### DATA PROVIDED
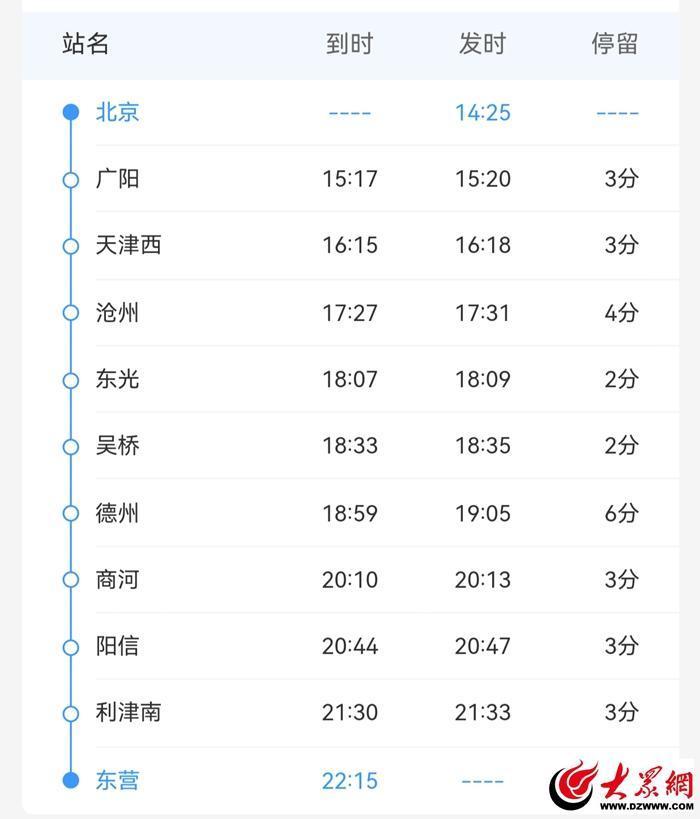 自6月26日起,“北京丰台站”至“东营站”的K1785次列车,调整恢复至“北京站”始发,“北京站”发车时刻为14:25,不再停靠“北京丰台站”,抵达终点站“东营站”时刻为22:15。该列车具体到发时刻如下:
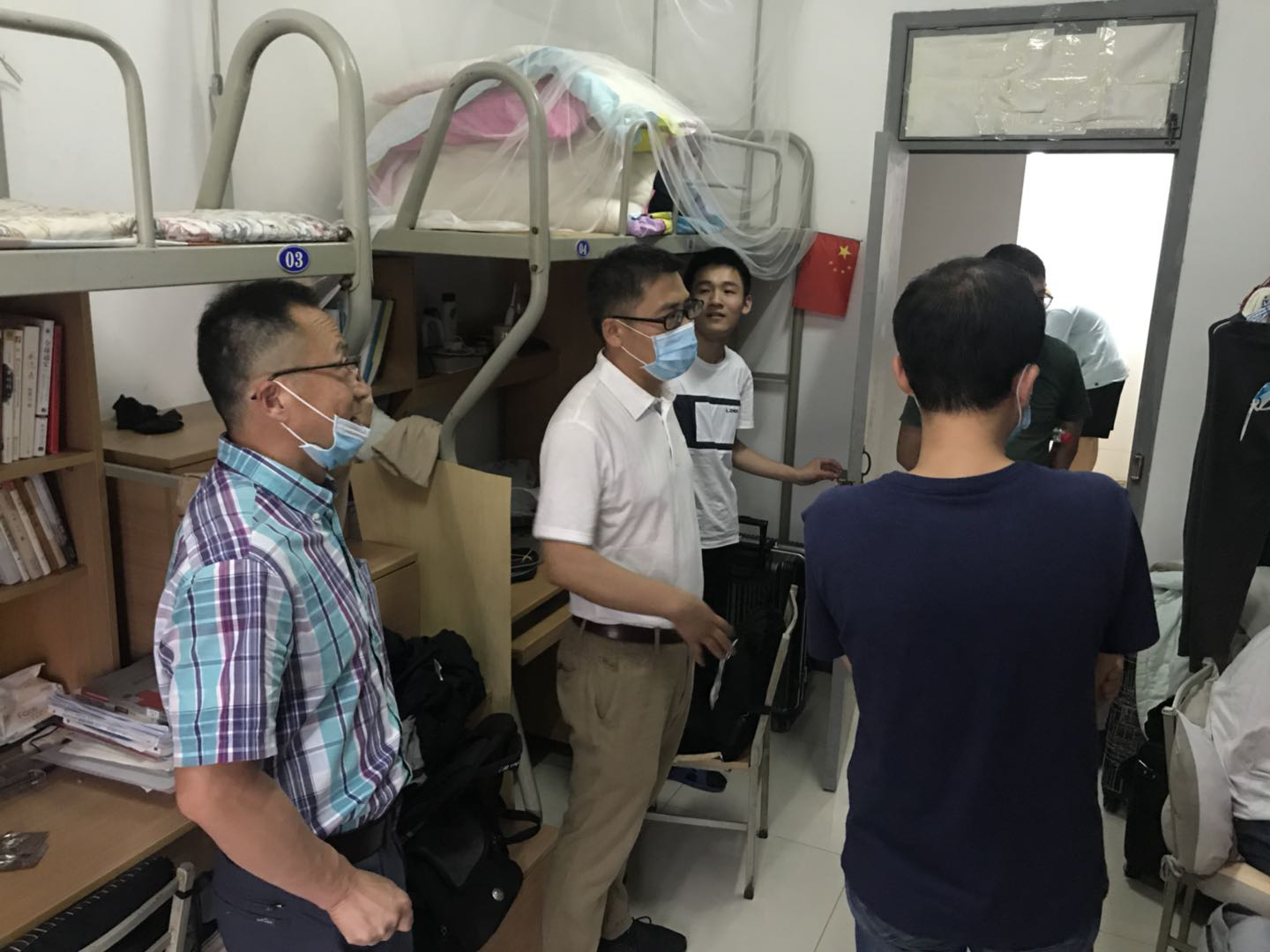 伴随着疫情防控进入常态化,第三批返校学生也在陆续返回校园,澳门十大网投平台排行本次计划返校人数388人。在此关头,我们依旧不能懈怠。为确保同学们的身体健康,了解居家隔离期间同学们的学习情况,欢迎同学们顺利返校,5月30日晚,澳门十大网投平台排行党委书记孙华强、党委副书记王银涛、院长助理张龙、2018级辅导员叶鹏程、2019级辅导员王士刚共同走访第三批返校学生宿舍。
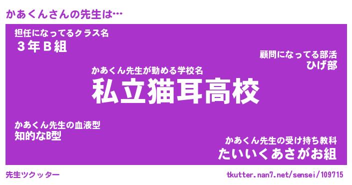 | 意味不明あだ名 | 『ペロリンかあくん』『永久保存かあくん』 |

### WORK REQUIRED
The response consists of the data above printed line for line, with no pictures.

### TASK RESULT
 自6月26日起,“北京丰台站”至“东营站”的K1785次列车,调整恢复至“北京站”始发,“北京站”发车时刻为14:25,不再停靠“北京丰台站”,抵达终点站“东营站”时刻为22:15。该列车具体到发时刻如下:
 伴随着疫情防控进入常态化,第三批返校学生也在陆续返回校园,澳门十大网投平台排行本次计划返校人数388人。在此关头,我们依旧不能懈怠。为确保同学们的身体健康,了解居家隔离期间同学们的学习情况,欢迎同学们顺利返校,5月30日晚,澳门十大网投平台排行党委书记孙华强、党委副书记王银涛、院长助理张龙、2018级辅导员叶鹏程、2019级辅导员王士刚共同走访第三批返校学生宿舍。
 | 意味不明あだ名 | 『ペロリンかあくん』『永久保存かあくん』 |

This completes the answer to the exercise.